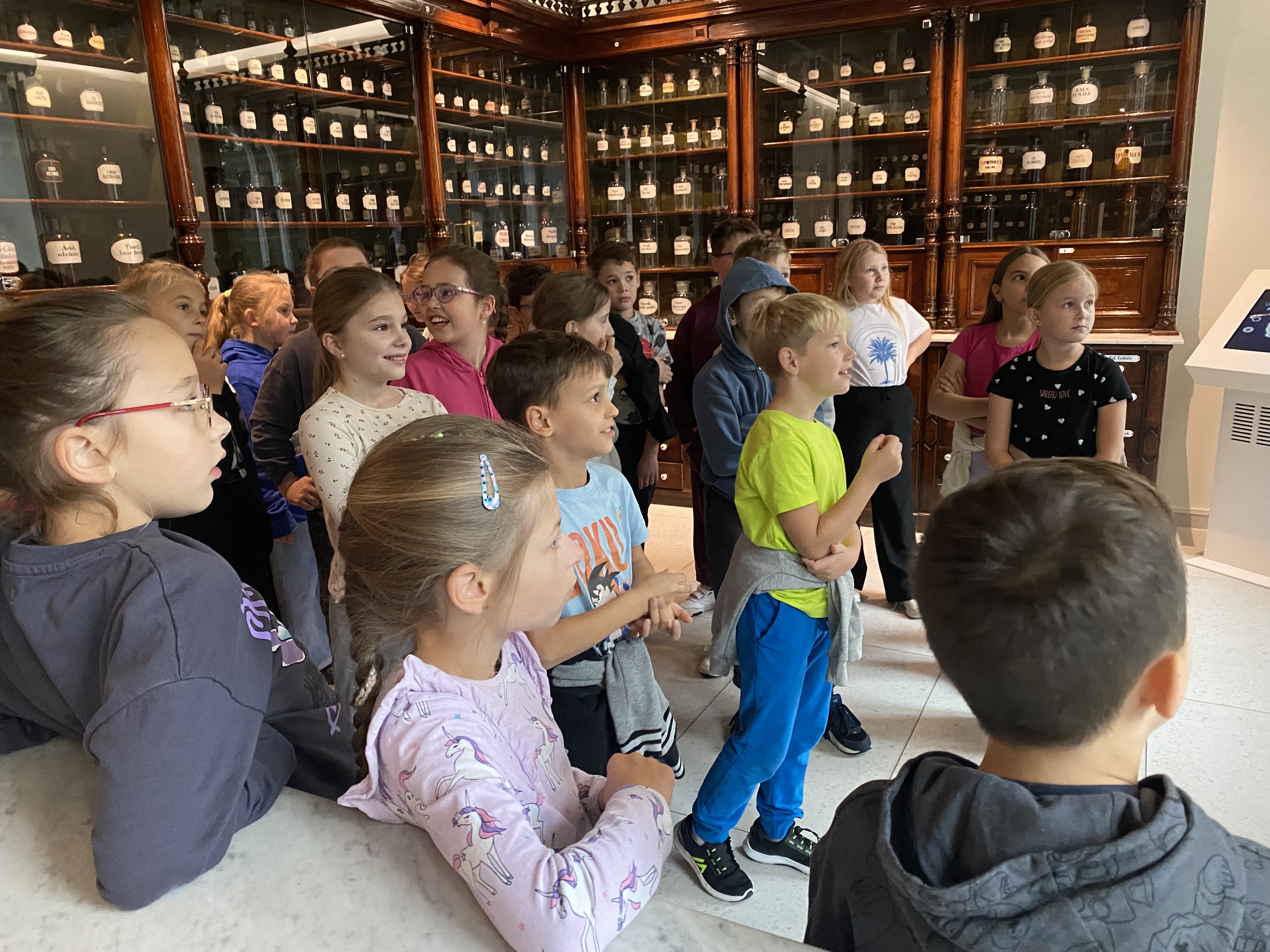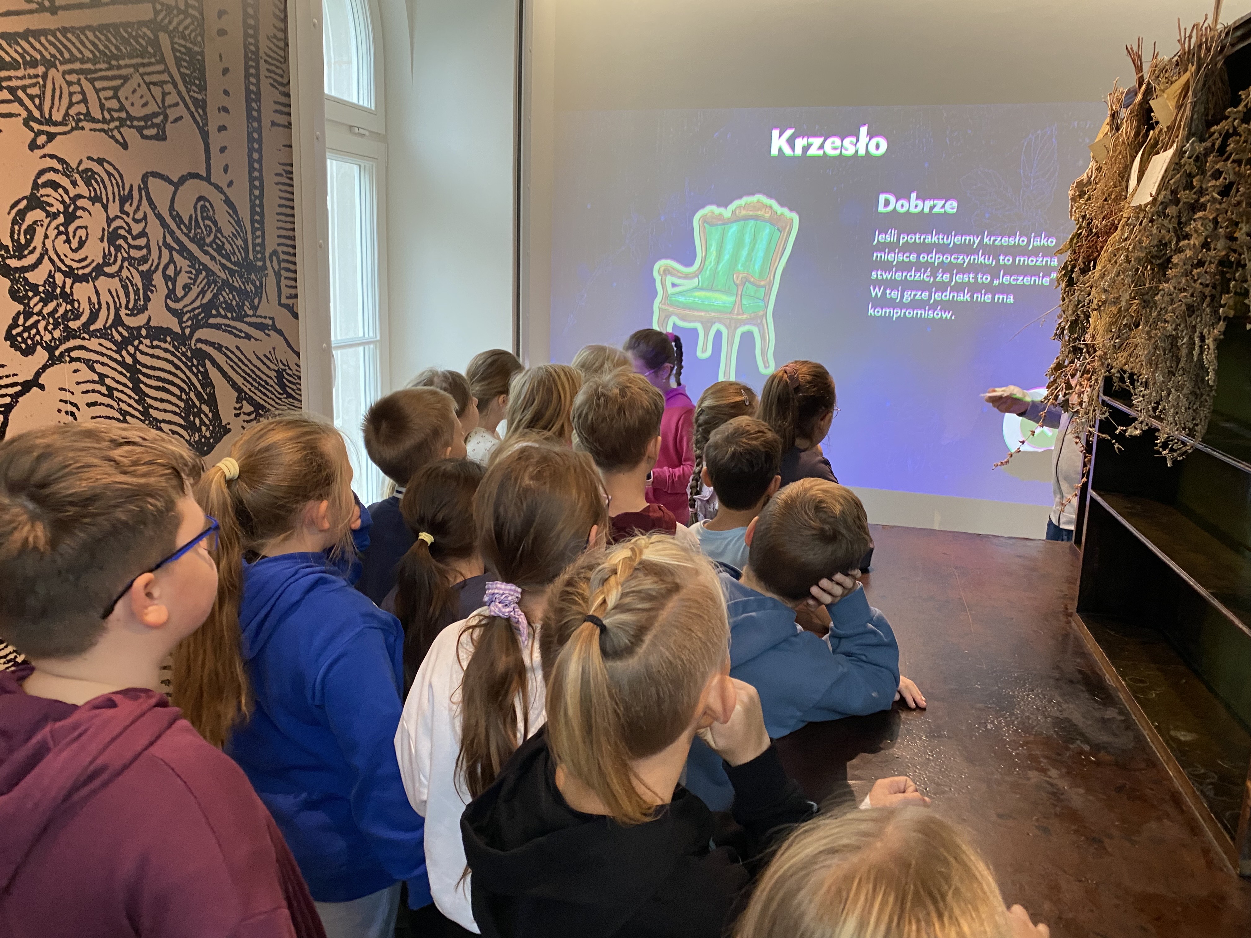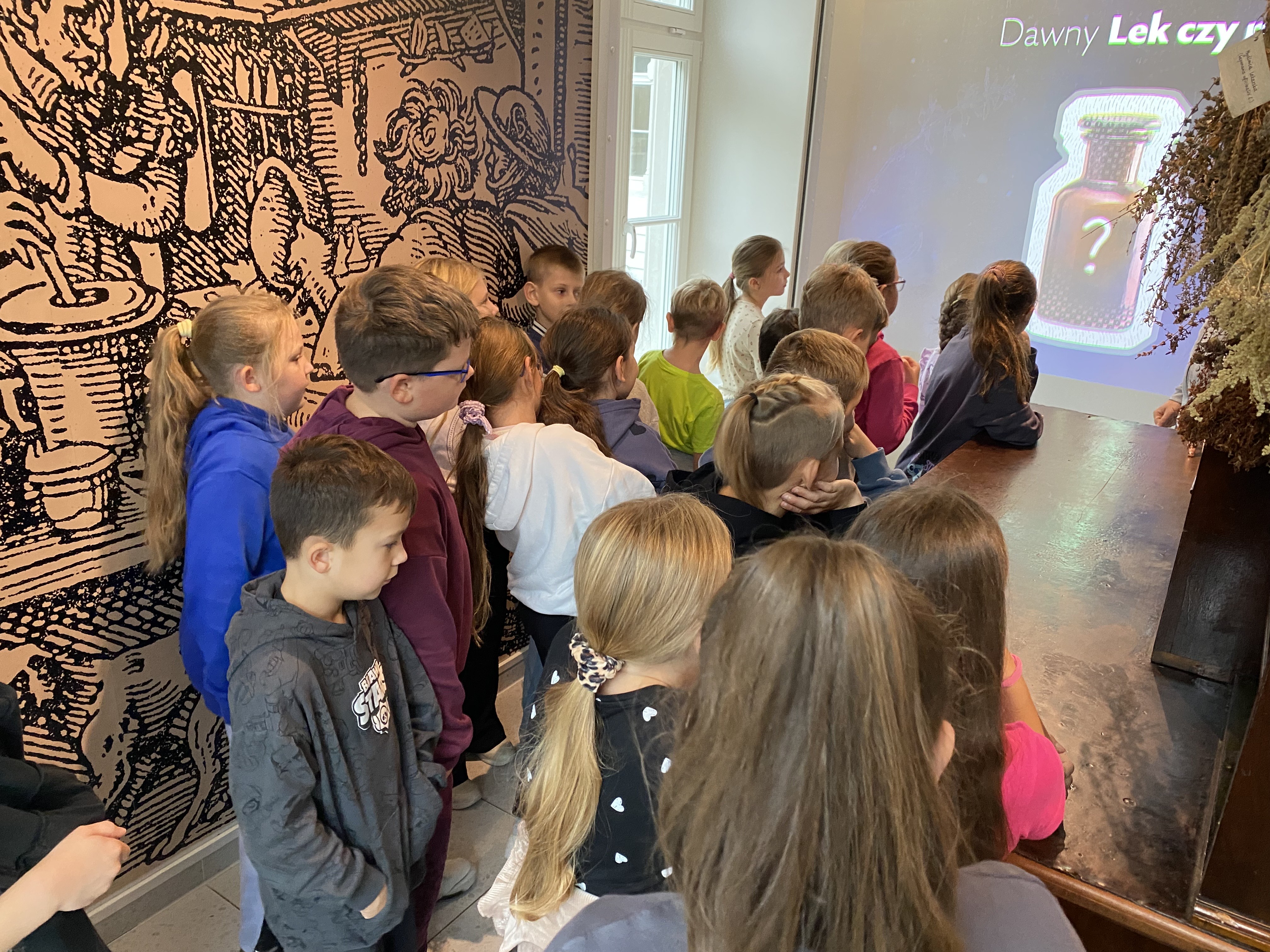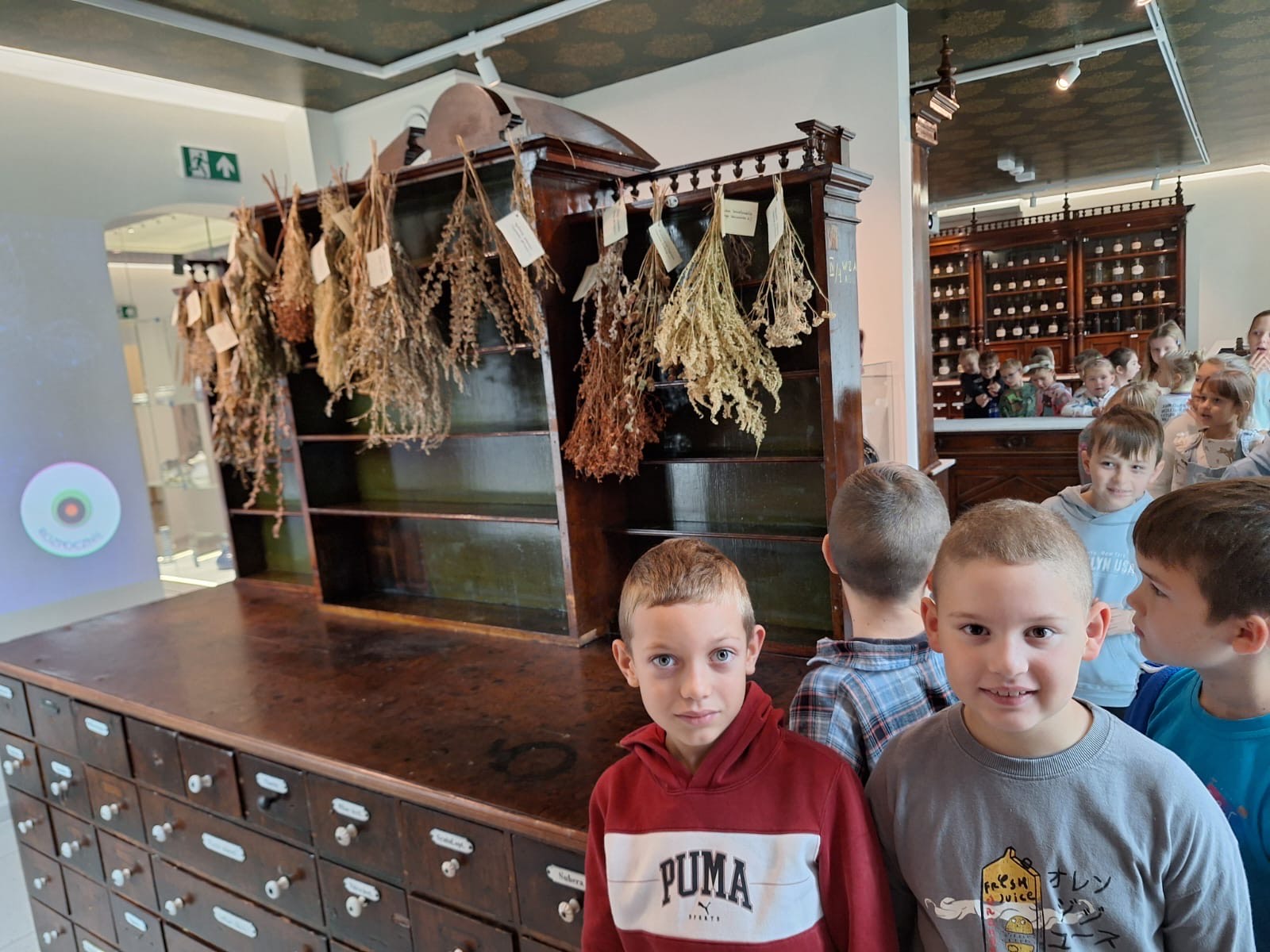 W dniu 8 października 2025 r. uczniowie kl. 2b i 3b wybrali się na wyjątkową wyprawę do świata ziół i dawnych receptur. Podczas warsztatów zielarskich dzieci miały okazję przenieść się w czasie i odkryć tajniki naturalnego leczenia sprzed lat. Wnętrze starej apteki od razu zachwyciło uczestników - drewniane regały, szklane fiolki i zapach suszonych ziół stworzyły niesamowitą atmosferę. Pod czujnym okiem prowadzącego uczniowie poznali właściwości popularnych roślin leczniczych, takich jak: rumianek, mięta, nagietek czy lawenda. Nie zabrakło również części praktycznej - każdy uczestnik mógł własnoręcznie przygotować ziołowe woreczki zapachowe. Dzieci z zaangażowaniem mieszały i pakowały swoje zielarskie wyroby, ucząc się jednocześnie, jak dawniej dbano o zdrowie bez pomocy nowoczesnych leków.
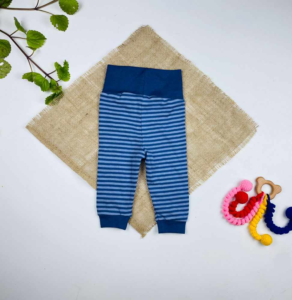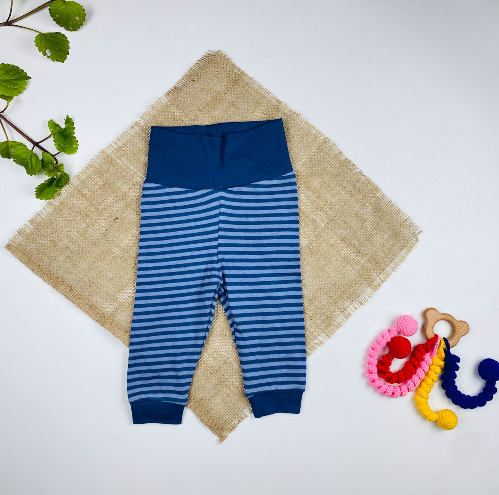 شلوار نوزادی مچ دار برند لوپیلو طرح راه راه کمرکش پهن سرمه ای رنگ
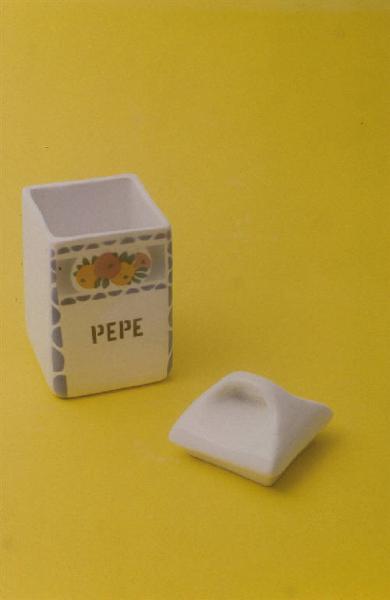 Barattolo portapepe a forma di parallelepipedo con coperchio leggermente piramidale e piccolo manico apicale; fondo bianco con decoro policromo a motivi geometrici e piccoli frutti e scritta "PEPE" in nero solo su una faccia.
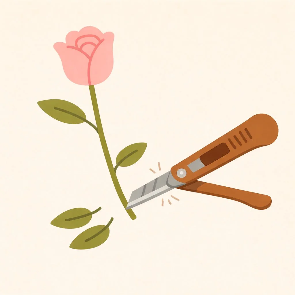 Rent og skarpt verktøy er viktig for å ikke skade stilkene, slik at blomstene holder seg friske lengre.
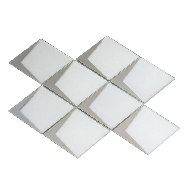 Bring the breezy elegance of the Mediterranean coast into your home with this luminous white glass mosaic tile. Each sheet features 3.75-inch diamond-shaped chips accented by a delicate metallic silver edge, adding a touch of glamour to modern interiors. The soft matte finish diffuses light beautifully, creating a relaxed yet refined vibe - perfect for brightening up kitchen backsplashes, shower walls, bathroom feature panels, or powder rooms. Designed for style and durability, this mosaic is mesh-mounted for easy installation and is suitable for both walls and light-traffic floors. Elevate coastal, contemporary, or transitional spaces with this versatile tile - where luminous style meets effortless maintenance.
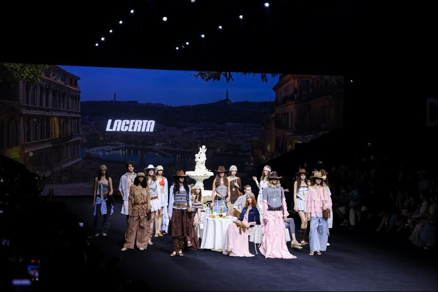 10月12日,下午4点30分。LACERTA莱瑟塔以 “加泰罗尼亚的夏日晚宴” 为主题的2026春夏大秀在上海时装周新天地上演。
────────────────
PROBLEM DESCRIPTION:
Starting at the first line of the material, output exactly the lines up to and including the one with "Rent og skarpt". Do not include the pictures.

EXERCISE SOLUTION:
 W dniu 8 października 2025 r. uczniowie kl. 2b i 3b wybrali się na wyjątkową wyprawę do świata ziół i dawnych receptur. Podczas warsztatów zielarskich dzieci miały okazję przenieść się w czasie i odkryć tajniki naturalnego leczenia sprzed lat. Wnętrze starej apteki od razu zachwyciło uczestników - drewniane regały, szklane fiolki i zapach suszonych ziół stworzyły niesamowitą atmosferę. Pod czujnym okiem prowadzącego uczniowie poznali właściwości popularnych roślin leczniczych, takich jak: rumianek, mięta, nagietek czy lawenda. Nie zabrakło również części praktycznej - każdy uczestnik mógł własnoręcznie przygotować ziołowe woreczki zapachowe. Dzieci z zaangażowaniem mieszały i pakowały swoje zielarskie wyroby, ucząc się jednocześnie, jak dawniej dbano o zdrowie bez pomocy nowoczesnych leków.
 شلوار نوزادی مچ دار برند لوپیلو طرح راه راه کمرکش پهن سرمه ای رنگ
 Barattolo portapepe a forma di parallelepipedo con coperchio leggermente piramidale e piccolo manico apicale; fondo bianco con decoro policromo a motivi geometrici e piccoli frutti e scritta "PEPE" in nero solo su una faccia.
 Rent og skarpt verktøy er viktig for å ikke skade stilkene, slik at blomstene holder seg friske lengre.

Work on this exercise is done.